Les saisons de l’Athabaska faisaient preuve à l’époque d’une inébranlable ponctualité. Nous avions des étés longs et chauds, décembre apportait neige et gels soudains, et le dégel de la rivière Pine s’achevait en général avant le 1er mars. Par comparaison, l’automne et le printemps n’avaient qu’un simple rôle de sentinelles. Cette journée-là pouvait être la meilleure que nous donnerait l’automne, avec un air vif mais sans froideur et pas un nuage pour faire obstacle à la longue lumière du soleil. Nous aurions pu passer cette journée sous la férule de Sam Godwin à lire des chapitres de l’Histoire officielle de l’Union ou du livre d’Otis, La Guerre et comment nous la menons. Sam savait toutefois se montrer indulgent dans son rôle de précepteur et la clémence du temps avait conduit à envisager une excursion, aussi avions-nous sorti des chevaux des écuries où travaillait mon père, et quitté la Propriété avec du pain noir et du jambon salé dans nos sacoches pour le déjeuner.

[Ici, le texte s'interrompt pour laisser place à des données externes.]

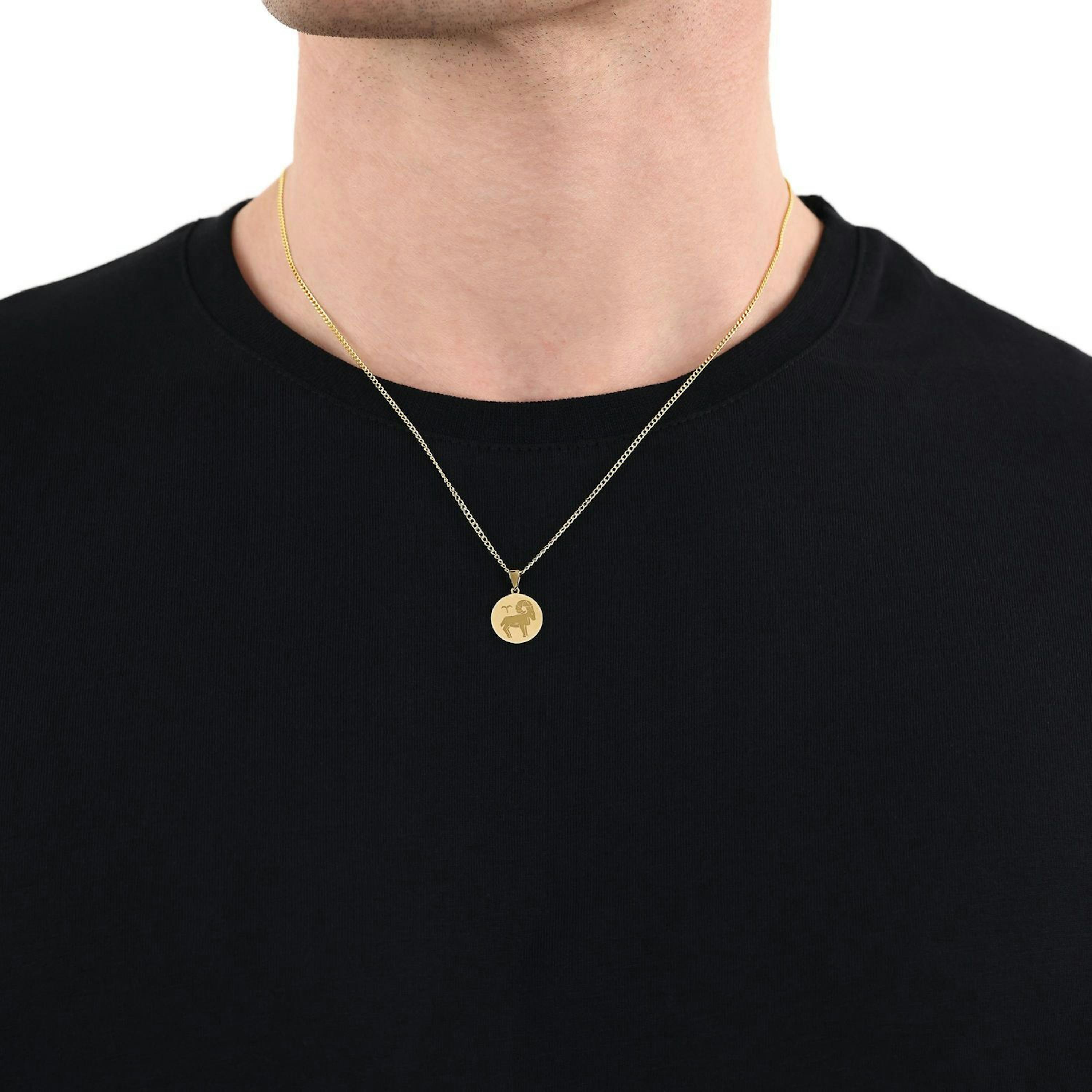 - Runder Sternzeichen-Anhänger aus teilmattiertem 375er Gelbgold gefertigt - Motiv: Widder (21. März - 20. April)
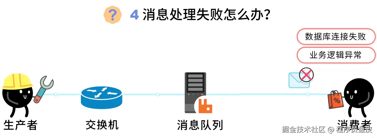 鱼皮:如果消费者处理消息时出错了,比如数据库连接失败、业务逻辑异常,怎么办呢?
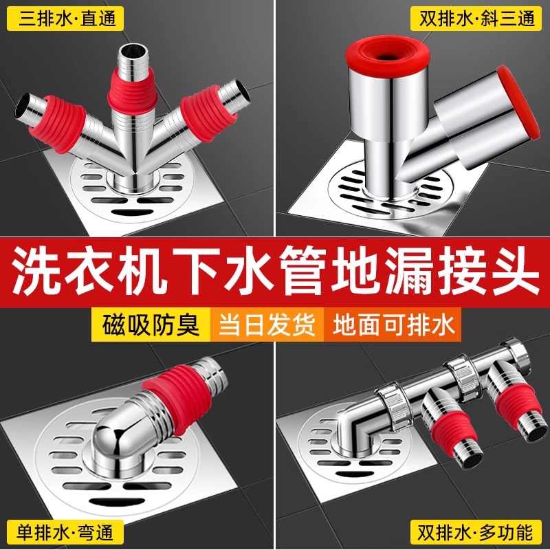 洗衣机排水管地漏接头二合一下水管道接口专用三头通用防臭防溢水
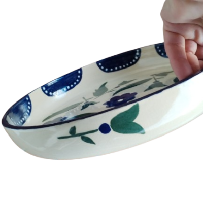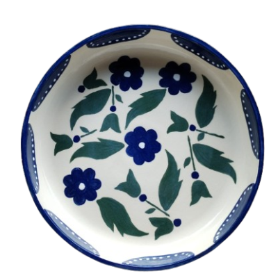 Zdjela Cvijeće SM – izrađena od bijele gline sa šamotom (0,2). Zdjela je ručno rađena, obojana engobama i glazirana. Motivi cvjetova su jednostavni s blagim retro prizvukom. Dostava je uključena u cijenu.
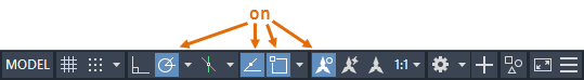 The status bar provides quick access to some of the most commonly used drawing aids and tools. Here is the default status bar.

Nous nous sommes d’abord dirigés vers le sud par la route du Fil, qui nous a éloignés des collines et du village. Julian et moi ouvrions la marche, Sam suivait, son fusil Pittsburgh dans sa selle, prêt à servir. Il ne semblait y avoir ni danger ni menace, mais Sam Godwin estimait nécessaire de toujours se tenir prêt : s’il avait un credo, c’était ÊTRE PRÊT, ainsi que TIRER LE PREMIER et sans doute aussi AU DIABLE LES CONSÉQUENCES. Sam, qui approchait les cinquante hivers, arborait une épaisse barbe brune striée de poils blancs rêches et portait ce qui restait présentable de son uniforme brun et vert de l’armée des Deux Californies. Il était presque un père pour Julian, dont le véritable père s’était balancé au bout d’une corde quelques années auparavant. Ces derniers temps, il se montrait plus vigilant que jamais, pour des raisons qu’il n’avait pas évoquées, du moins pas avec moi.